KYOON GRIFFEY JR posted:

Based on him cross shopping the Optima and Altima, what makes you think he wants something like the FRS/BRZ?

I actually found the 4-cyl Camry to be more than adequate, power wise.

Last time I was buying I tried to drive as many different things as I could, because its a good excuse to drive a lot of cars, and you might surprise yourself. Each to his own I guess.

Ramrod Hotshot
May 30, 2003



When talking about entry level cars, the old stand-bys of Civic, Corolla, Focus, etc get mentioned a lot, but I've seen that Ford Fiestas (and maybe other compact cars) are even less. Is there a reason I don't read Fiesta here much? Do they collapse at 80k miles or something?

nm
Jan 28, 2008

"I saw Minos the Space Judge holding a golden sceptre and passing sentence upon the Martians. There he presided, and around him the noble Space Prosecutors sought the firm justice of space law."

Geckoagua posted:

I agree, it's a pretty crap situation. The other insurance company is covering the rental until monday, but I really dislike having to pay out of pocket for something with zero return. In my brilliance I never took the rental clause on my insurance so I can't really use that option. I'm thinking I will check out several places over the weekend, if I simply don't find anything I'm satisfied with I'll extend, but I'd rather not.
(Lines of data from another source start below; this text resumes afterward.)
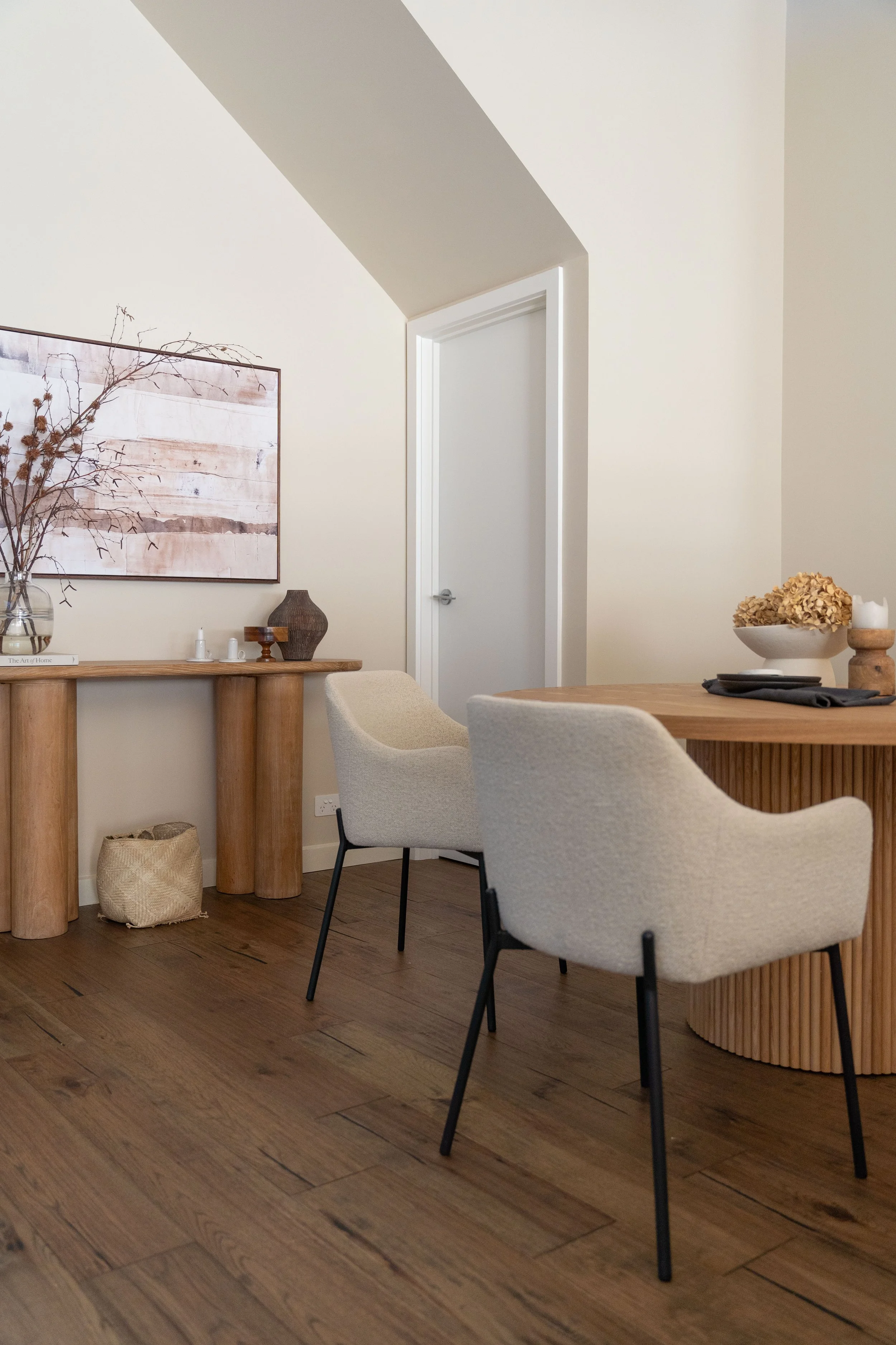 Before we began furnishing the space, the townhouse underwent a complete interior refresh. We repainted throughout, replaced the flooring with engineered timber, laid textural loop pile carpet upstairs, and had custom s-wave sheers installed.
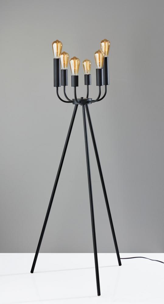 A modern reimagining of the classic candelabra, the 55" tall Rory floor lamp transforms dining rooms, bedrooms, and living areas. Crafted of black metal, the style-driven design of the lamp complements mid-century modern, vintage, and industrial decor. Three slender poles form a sturdy triangle base topped by six slender, upwardly-curving arms of varying lengths. Each arm culminates in an exposed 40W bulb. Vintage Edison bulbs (not included) are a striking addition to the lamp's sculptural silhouette. The lamp is easily turned on and off with a discreet toggle switch and is powered by a 6' black cord. Complete your decor with the coordinating Rory table lamp and pendant light.
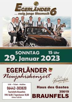 Am Sonntag, 29.01.23 heißt es im Haus des Gastes in Braunfels willkommen zum „Egerländer Neujahrskonzert“ präsentiert von 6 Musikern und einem Schlagzeuger.
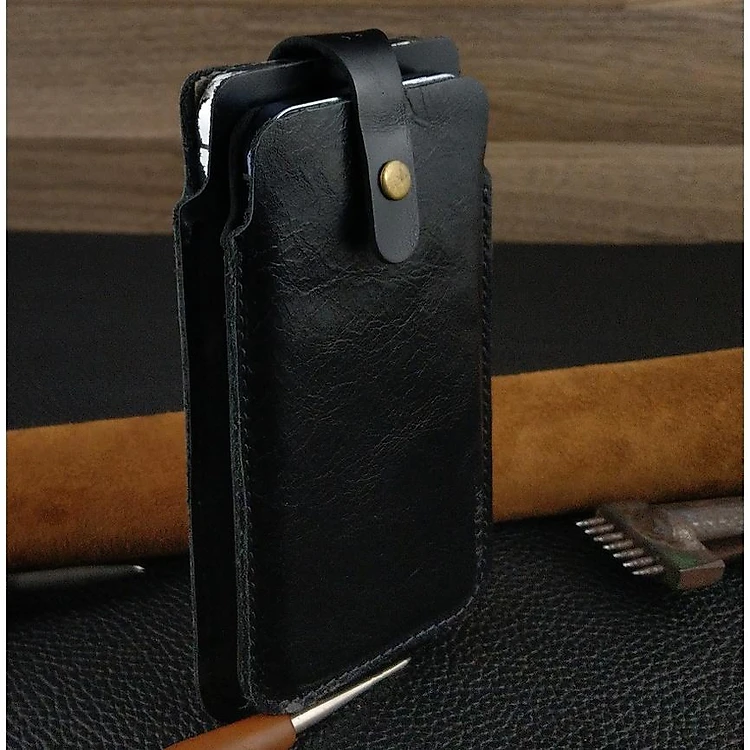 Bao da để 2 điện thoại cho Iphone 12 pro max, 13 pro max, 14 pro max da bò thật

Does anybody have an opinion on Nissan's? I really like what I see but nobody seems familiar with the brand.

FYI, if you ask you can probably get the insurance company rate on your rental car. It can be like $10/day for a mid-size.

skipdogg
Nov 29, 2004
Resident SRT-4 Expert


Ramrod Hotshot posted:

When talking about entry level cars, the old stand-bys of Civic, Corolla, Focus, etc get mentioned a lot, but I've seen that Ford Fiestas (and maybe other compact cars) are even less. Is there a reason I don't read Fiesta here much? Do they collapse at 80k miles or something?

Great little car but it's a subcompact class vehicle which is why it probably doesnt get mentioned as much. The newer ones (2008+) are pretty solid cars as far as I know.

Applebees Appetizer
Jan 23, 2006



Anyone considering an FRS/BRZ might wanna read this first.

http://www.ft86club.com/forums/showthread.php?t=15577

Looks like they have some bugs to work out.

Mr.Radar
Nov 5, 2005

You guys aren't going to believe this, but that guy is our games teacher.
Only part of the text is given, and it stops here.